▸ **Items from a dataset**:
_____

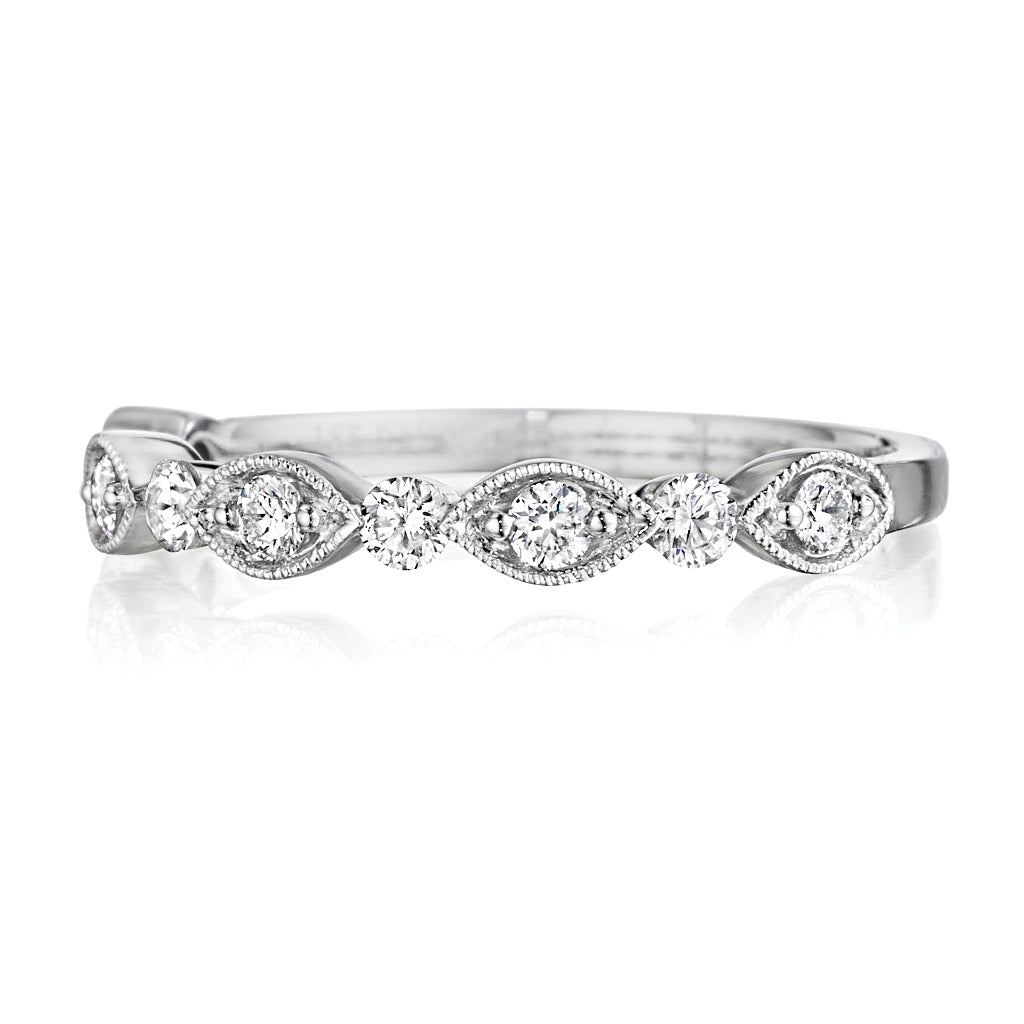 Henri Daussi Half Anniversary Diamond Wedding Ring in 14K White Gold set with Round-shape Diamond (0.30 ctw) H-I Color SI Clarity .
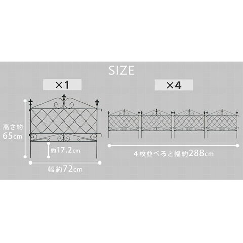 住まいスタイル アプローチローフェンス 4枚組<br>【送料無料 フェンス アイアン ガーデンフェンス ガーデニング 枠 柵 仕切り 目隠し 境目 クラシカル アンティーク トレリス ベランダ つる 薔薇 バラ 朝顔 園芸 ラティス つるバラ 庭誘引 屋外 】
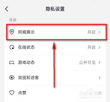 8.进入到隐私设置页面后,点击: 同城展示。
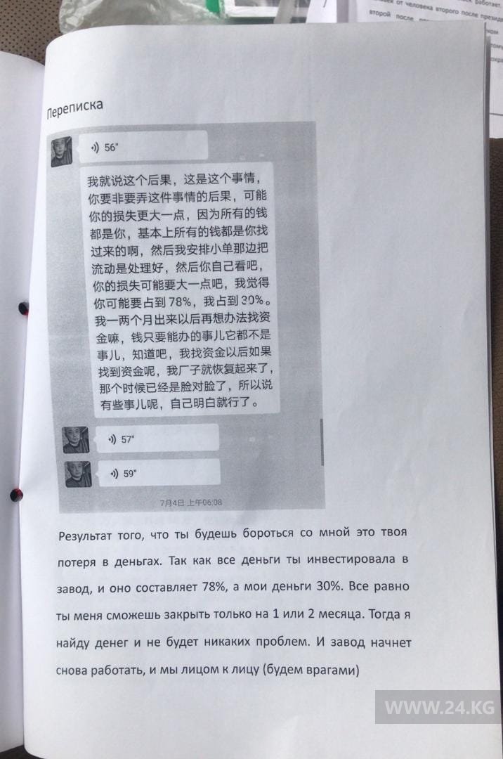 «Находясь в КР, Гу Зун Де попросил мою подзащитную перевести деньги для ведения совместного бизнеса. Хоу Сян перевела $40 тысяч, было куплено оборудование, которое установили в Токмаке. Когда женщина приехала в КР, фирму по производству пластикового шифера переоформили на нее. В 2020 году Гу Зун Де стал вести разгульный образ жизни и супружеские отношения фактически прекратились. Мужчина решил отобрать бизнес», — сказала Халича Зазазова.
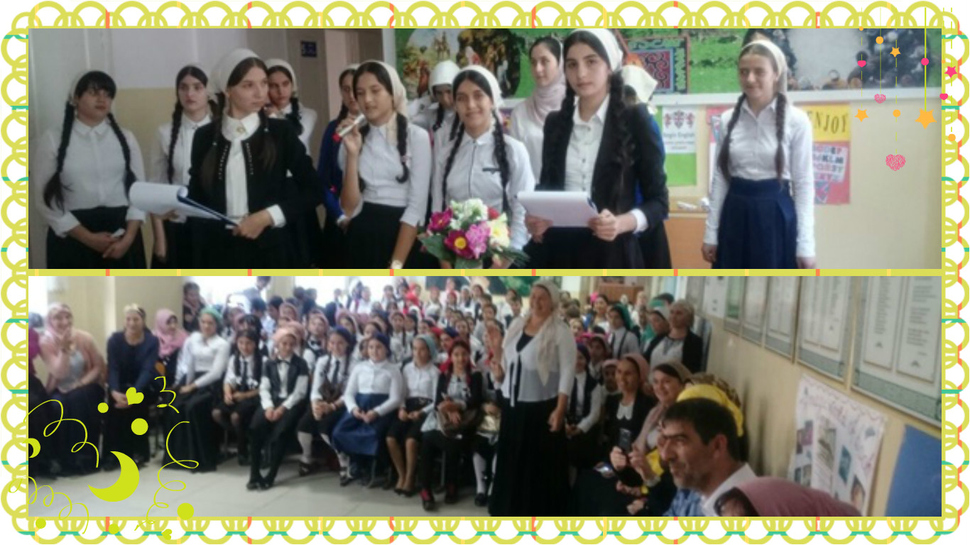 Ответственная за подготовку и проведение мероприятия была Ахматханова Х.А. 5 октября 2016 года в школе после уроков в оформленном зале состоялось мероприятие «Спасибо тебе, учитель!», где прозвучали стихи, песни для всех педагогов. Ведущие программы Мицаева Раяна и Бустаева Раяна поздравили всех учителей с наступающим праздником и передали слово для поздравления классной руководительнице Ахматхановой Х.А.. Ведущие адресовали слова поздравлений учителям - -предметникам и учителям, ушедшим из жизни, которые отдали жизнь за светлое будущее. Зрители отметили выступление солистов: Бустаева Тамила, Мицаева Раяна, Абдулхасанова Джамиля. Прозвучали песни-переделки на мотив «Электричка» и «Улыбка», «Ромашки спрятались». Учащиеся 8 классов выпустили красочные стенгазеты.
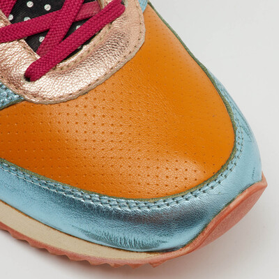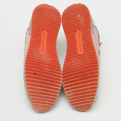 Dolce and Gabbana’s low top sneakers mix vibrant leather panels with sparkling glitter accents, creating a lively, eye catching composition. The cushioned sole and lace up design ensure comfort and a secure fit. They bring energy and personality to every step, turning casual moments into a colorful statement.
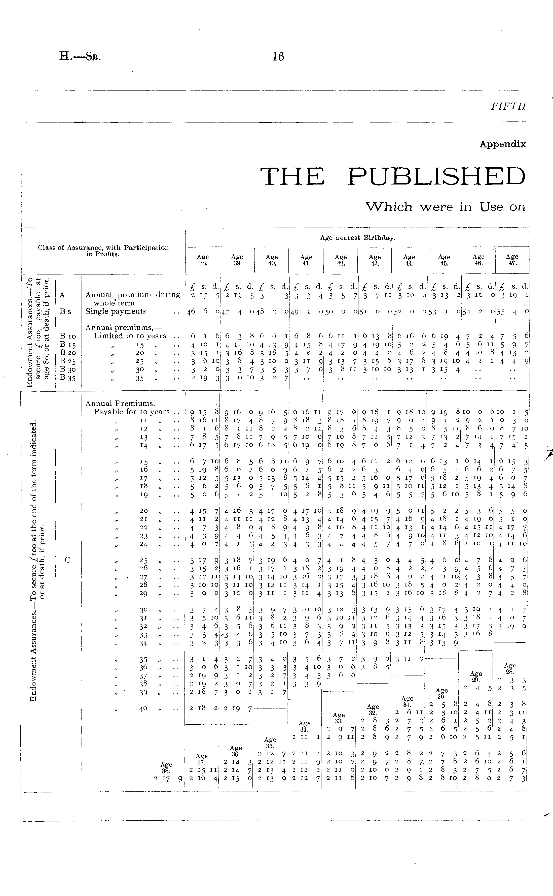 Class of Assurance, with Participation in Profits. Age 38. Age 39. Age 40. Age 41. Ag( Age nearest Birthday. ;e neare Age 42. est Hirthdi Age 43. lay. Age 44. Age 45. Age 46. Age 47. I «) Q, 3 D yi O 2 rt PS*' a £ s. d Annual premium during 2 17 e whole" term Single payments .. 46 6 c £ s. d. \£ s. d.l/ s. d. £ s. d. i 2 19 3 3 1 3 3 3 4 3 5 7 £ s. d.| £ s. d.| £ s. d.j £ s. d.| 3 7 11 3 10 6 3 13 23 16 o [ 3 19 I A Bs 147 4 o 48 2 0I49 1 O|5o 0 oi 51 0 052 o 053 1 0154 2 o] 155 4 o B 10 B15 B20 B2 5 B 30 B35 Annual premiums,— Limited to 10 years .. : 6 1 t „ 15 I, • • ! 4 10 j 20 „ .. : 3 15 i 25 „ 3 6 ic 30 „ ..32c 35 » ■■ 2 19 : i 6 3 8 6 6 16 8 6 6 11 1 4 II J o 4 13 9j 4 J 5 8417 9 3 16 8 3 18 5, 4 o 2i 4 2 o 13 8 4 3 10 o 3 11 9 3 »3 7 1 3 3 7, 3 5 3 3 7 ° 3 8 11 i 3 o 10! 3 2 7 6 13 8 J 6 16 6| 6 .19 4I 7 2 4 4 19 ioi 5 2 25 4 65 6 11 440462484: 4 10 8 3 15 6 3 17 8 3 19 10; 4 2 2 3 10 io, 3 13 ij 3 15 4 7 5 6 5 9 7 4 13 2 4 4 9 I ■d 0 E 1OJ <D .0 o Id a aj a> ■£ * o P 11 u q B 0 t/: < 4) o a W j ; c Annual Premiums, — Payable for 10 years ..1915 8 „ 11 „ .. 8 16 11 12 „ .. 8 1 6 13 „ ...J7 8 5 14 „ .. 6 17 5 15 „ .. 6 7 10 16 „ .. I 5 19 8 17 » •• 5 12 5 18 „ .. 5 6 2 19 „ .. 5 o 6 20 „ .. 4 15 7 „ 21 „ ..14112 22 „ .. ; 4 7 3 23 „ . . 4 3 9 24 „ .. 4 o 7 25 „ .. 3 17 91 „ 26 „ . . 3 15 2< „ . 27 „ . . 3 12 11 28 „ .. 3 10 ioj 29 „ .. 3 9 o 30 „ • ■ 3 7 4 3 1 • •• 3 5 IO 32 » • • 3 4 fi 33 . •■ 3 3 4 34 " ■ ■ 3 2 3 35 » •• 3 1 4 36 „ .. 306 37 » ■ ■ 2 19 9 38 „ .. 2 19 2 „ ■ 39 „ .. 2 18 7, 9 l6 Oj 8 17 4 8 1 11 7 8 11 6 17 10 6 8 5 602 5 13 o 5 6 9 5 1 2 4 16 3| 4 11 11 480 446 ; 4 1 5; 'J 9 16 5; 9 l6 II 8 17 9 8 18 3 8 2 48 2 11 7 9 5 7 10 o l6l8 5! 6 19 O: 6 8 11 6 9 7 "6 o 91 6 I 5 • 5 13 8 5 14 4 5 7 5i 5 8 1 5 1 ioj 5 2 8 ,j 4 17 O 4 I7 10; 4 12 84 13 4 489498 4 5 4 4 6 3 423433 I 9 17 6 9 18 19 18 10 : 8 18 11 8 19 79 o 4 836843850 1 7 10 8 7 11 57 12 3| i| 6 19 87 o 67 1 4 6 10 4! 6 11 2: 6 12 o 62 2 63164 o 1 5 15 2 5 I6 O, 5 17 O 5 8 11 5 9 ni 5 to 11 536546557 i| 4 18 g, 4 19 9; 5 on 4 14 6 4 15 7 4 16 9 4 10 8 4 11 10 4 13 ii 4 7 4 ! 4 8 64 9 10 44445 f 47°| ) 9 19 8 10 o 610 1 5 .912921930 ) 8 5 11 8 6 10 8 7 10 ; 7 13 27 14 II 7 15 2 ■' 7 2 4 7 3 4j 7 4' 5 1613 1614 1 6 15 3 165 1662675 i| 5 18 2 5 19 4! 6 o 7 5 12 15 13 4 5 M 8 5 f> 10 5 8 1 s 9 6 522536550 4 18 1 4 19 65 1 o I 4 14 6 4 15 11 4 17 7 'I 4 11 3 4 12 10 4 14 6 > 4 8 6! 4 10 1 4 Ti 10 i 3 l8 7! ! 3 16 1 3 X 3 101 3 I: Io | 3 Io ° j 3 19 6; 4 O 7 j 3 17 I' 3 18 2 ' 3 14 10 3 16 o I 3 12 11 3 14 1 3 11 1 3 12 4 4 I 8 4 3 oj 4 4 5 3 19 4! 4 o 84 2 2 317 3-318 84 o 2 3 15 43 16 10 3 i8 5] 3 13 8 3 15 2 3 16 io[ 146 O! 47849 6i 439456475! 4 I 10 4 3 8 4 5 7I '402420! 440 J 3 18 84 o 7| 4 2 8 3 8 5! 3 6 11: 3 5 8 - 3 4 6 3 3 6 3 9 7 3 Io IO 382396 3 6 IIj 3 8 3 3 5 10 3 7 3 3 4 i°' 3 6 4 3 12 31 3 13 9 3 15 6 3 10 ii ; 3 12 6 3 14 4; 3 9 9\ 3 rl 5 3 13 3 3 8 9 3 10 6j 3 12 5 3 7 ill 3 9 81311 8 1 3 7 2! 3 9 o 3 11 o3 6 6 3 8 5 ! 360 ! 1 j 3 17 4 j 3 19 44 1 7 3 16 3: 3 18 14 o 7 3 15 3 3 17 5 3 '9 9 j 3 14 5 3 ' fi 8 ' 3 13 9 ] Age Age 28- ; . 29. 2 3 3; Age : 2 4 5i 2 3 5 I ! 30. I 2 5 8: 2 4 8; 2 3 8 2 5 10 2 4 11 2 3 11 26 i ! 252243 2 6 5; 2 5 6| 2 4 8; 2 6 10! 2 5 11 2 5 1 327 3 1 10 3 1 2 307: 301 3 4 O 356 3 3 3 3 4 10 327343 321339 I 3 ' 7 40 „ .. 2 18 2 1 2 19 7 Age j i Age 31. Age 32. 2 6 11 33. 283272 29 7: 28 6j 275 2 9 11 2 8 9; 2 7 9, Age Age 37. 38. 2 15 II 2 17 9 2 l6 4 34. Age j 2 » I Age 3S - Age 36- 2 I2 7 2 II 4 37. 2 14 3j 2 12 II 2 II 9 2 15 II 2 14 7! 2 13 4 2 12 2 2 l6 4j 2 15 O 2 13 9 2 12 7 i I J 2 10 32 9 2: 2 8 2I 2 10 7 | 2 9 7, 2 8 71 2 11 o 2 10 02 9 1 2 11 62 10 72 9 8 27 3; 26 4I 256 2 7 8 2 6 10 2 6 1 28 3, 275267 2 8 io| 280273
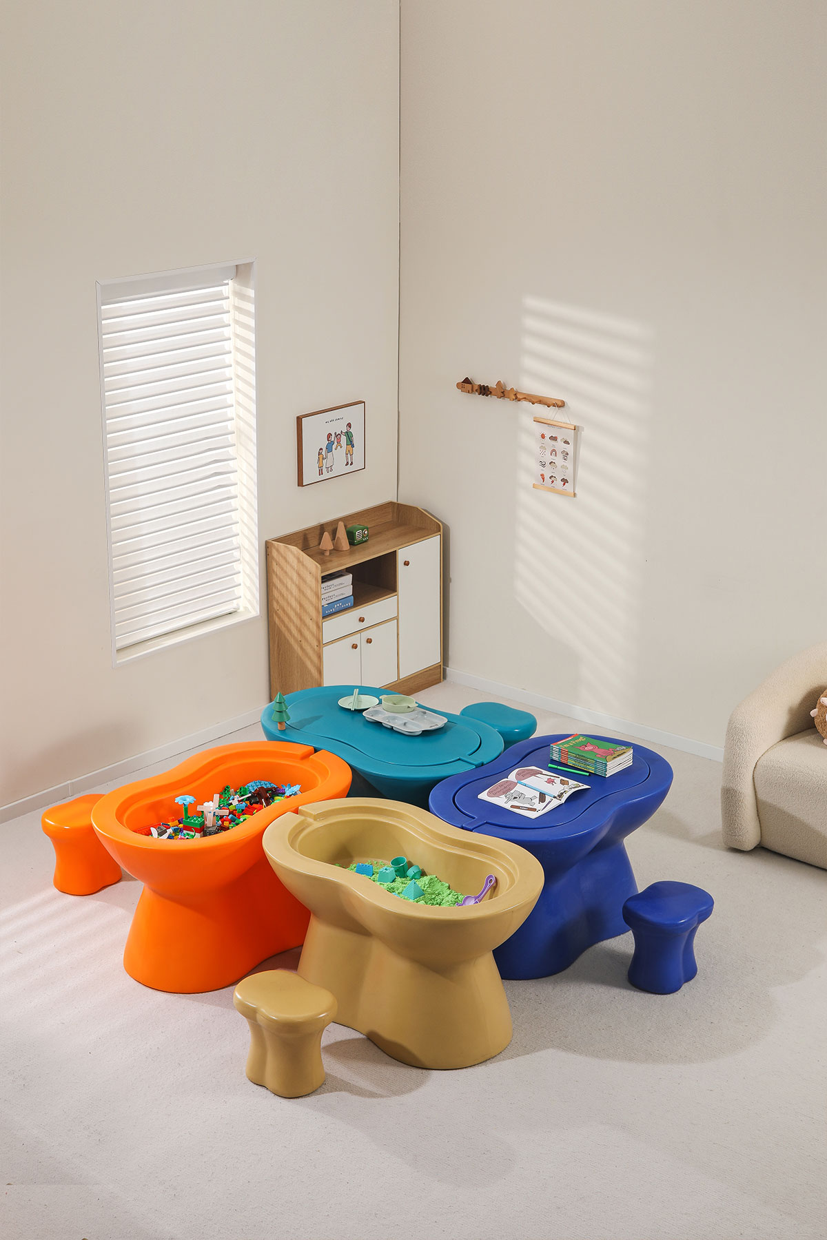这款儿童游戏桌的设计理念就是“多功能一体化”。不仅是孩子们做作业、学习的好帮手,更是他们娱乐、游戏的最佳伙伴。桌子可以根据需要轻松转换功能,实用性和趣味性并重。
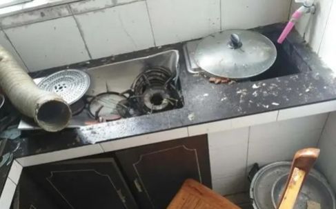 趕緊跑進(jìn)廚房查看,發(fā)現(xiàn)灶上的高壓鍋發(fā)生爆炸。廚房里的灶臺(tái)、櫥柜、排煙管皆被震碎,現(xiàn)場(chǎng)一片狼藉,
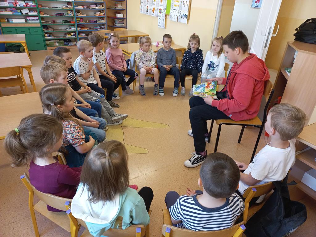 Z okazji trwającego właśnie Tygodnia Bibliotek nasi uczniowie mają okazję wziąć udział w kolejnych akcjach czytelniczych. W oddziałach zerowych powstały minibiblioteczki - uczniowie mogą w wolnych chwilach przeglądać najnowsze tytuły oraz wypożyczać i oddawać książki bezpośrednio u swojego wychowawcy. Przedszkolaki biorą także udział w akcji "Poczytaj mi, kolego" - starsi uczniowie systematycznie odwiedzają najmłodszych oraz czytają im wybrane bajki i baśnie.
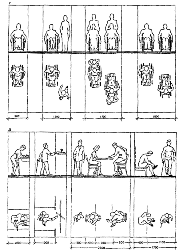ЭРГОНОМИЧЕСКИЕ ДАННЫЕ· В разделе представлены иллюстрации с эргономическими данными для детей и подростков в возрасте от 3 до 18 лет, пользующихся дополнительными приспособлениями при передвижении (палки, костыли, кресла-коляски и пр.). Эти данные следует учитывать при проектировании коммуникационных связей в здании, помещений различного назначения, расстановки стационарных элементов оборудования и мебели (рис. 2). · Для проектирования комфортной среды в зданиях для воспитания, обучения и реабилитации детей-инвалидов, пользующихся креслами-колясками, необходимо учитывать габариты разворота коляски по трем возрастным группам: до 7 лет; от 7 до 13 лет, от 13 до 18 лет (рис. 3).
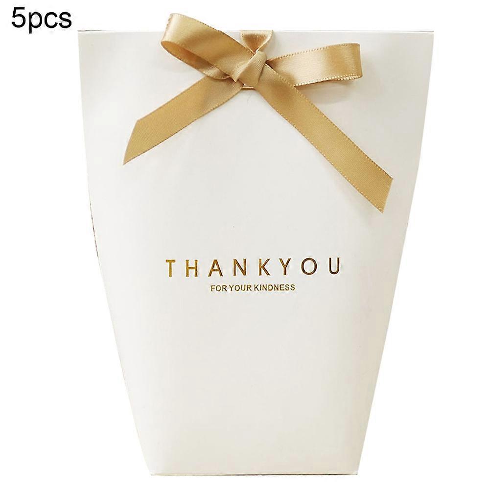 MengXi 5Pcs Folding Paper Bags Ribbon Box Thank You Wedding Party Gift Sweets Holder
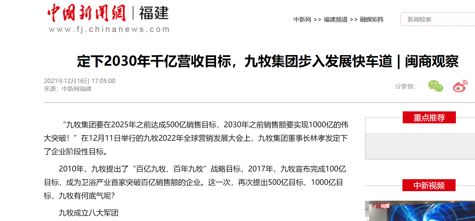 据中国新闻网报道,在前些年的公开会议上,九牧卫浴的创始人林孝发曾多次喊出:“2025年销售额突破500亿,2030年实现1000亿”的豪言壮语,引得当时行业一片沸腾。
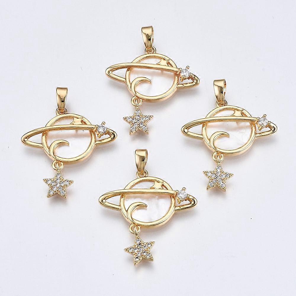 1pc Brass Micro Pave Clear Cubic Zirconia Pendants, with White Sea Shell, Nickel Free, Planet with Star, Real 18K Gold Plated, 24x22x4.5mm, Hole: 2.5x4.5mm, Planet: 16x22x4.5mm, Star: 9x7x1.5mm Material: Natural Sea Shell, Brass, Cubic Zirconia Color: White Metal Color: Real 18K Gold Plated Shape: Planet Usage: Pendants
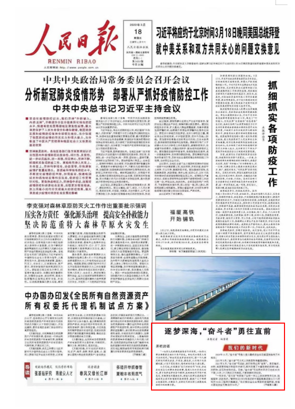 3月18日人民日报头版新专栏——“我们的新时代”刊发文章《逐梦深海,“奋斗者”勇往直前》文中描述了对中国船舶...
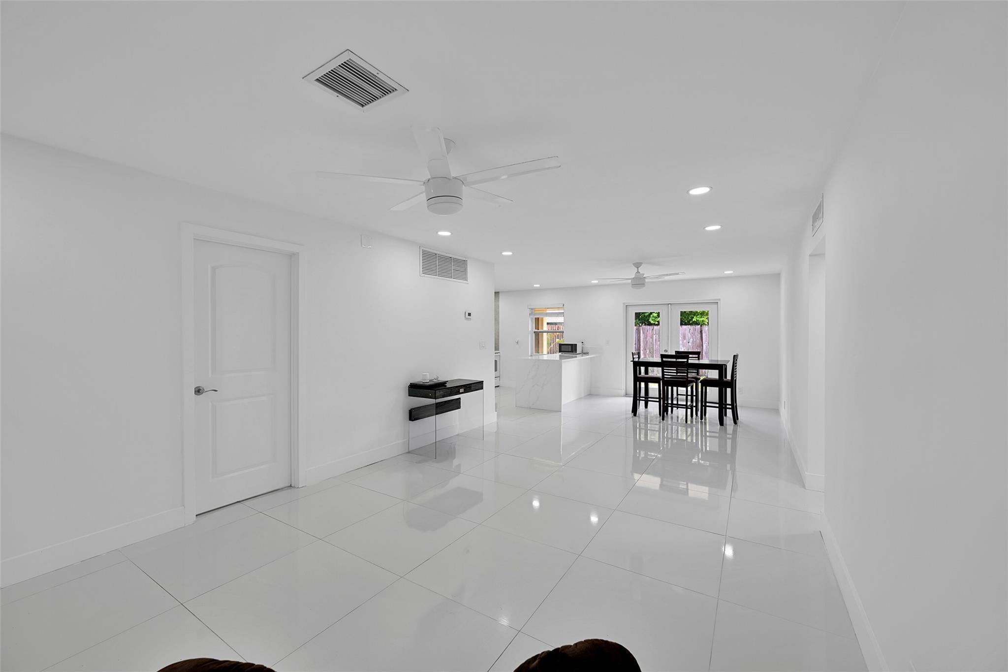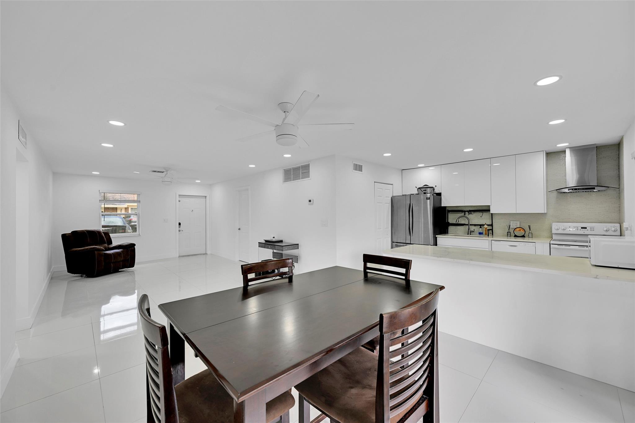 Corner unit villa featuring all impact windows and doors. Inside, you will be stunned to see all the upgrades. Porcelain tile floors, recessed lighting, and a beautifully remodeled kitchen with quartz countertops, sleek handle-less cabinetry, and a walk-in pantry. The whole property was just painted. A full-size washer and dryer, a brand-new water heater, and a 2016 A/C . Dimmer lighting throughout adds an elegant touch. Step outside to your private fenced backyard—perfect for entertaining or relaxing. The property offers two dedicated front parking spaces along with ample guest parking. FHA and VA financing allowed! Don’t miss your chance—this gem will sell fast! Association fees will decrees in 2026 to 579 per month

_____

▸ **Work item**:
Your output is the lines from the top of the entries through the line containing "8.进入到隐私设置页面后,点击: 同城展示。", exactly as they stand. No pictures belong in it.

▸ **Solution to the exercise**:
 Henri Daussi Half Anniversary Diamond Wedding Ring in 14K White Gold set with Round-shape Diamond (0.30 ctw) H-I Color SI Clarity .
 住まいスタイル アプローチローフェンス 4枚組<br>【送料無料 フェンス アイアン ガーデンフェンス ガーデニング 枠 柵 仕切り 目隠し 境目 クラシカル アンティーク トレリス ベランダ つる 薔薇 バラ 朝顔 園芸 ラティス つるバラ 庭誘引 屋外 】
 8.进入到隐私设置页面后,点击: 同城展示。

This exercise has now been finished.